Prompt engineering can be an effective way to optimize model responses, but in some cases it may not provide sufficient context or guidance to always meet your exact needs. As a developer, you can consider the following additional optimization strategies to improve the relevance of your generative AI application's responses:

  • Retrieval Augmented Generation (RAG): A technique that involves using a data source to provide grounding context to prompts. RAG can be a useful approach when you need the model to answer questions based on a specific knowledge domain or when you need the model to consider information related to events that occurred after the training data on which the model is based.
  • Fine-tuning: A technique that involves extending the training of a foundation model by providing example prompts and responses that reflect the desired output format and style.

Both of these approaches involve additional cost, complexity, and maintainability challenges, so as a general rule it's best to start your optimization efforts through prompt engineering, and then consider additional strategies if necessary.

The strategy you should choose as a developer depends on your requirements:

Diagram showing the various strategies to optimize the model's performance.

  • Optimize for context: When the model lacks contextual knowledge and you want to maximize responses accuracy.
  • Optimize the model: When you want to improve the response format, style, or speech by maximizing consistency of behavior.

To optimize for context, you can apply a Retrieval Augmented Generation (RAG) pattern. With RAG, you ground your data by first retrieving context from a data source before generating a response. For example, you want employees to ask questions about expense claim processes and limits based on your own corporation's expenses policy documentation.

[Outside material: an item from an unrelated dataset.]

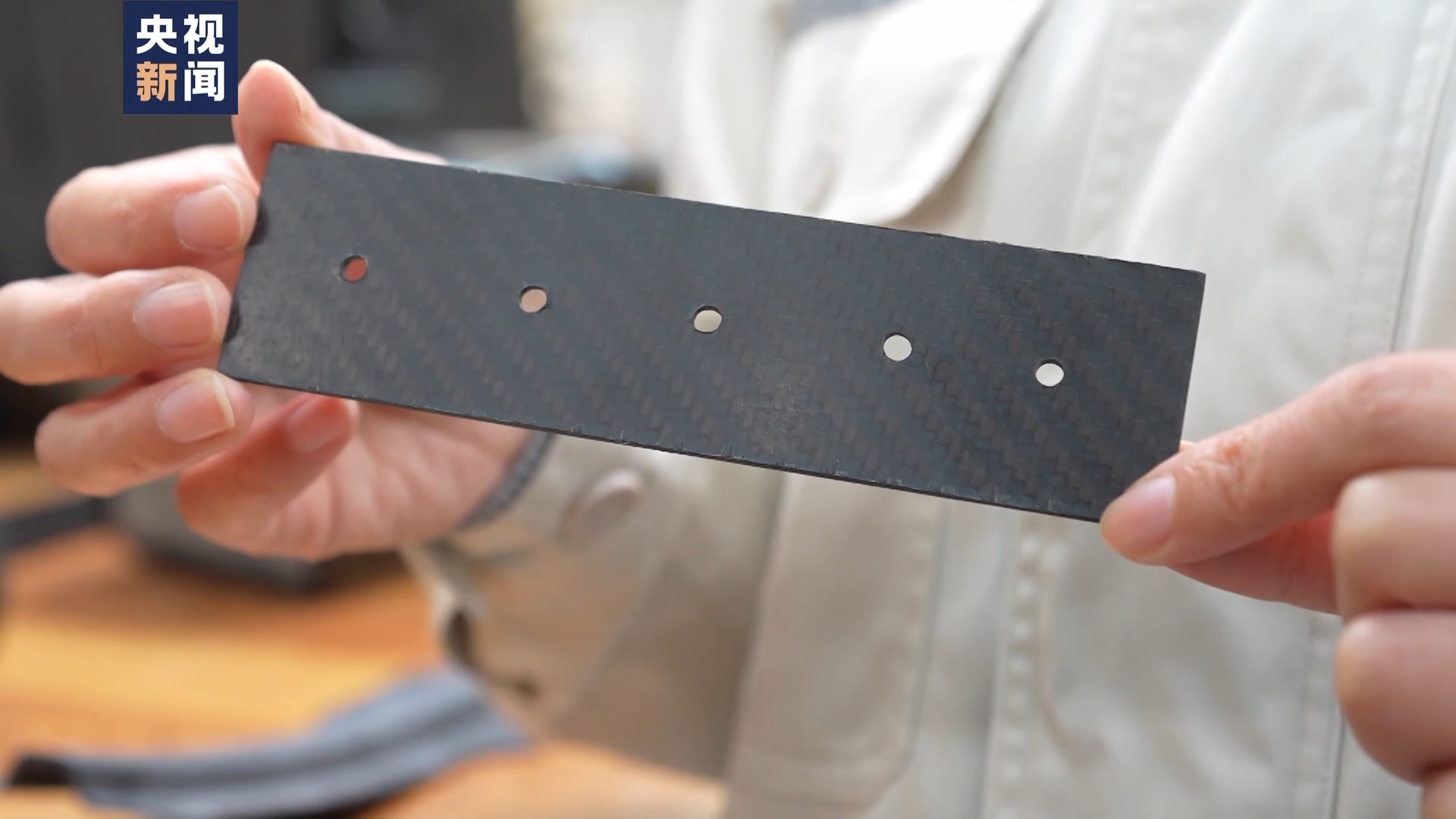 中車四方股份公司高速動車組總體高級主任設計師 聶穎:我手裏拿的是一個碳纖維的墊片,像CR450,設備艙還有排障器都應用了碳纖維材料,比傳統材料能夠降低30%的重量,這樣車身更輕,跑起來能耗更低。

When you want the model to respond in a specific style or format, you can instruct the model to do so by adding guidelines in the system message. When you notice the model's behavior isn't consistent, you can further enforce consistency in behavior by fine-tuning a model. With fine-tuning, you train a base language model on a dataset of example prompts and responses before integrating it in your application, with the result that the fine-tuned model will produce responses that are consistent with the examples in the fine-tuning training dataset.

You can use any combination of optimization strategies, for example prompt engineering, RAG and a fine-tuned model, to improve your language application.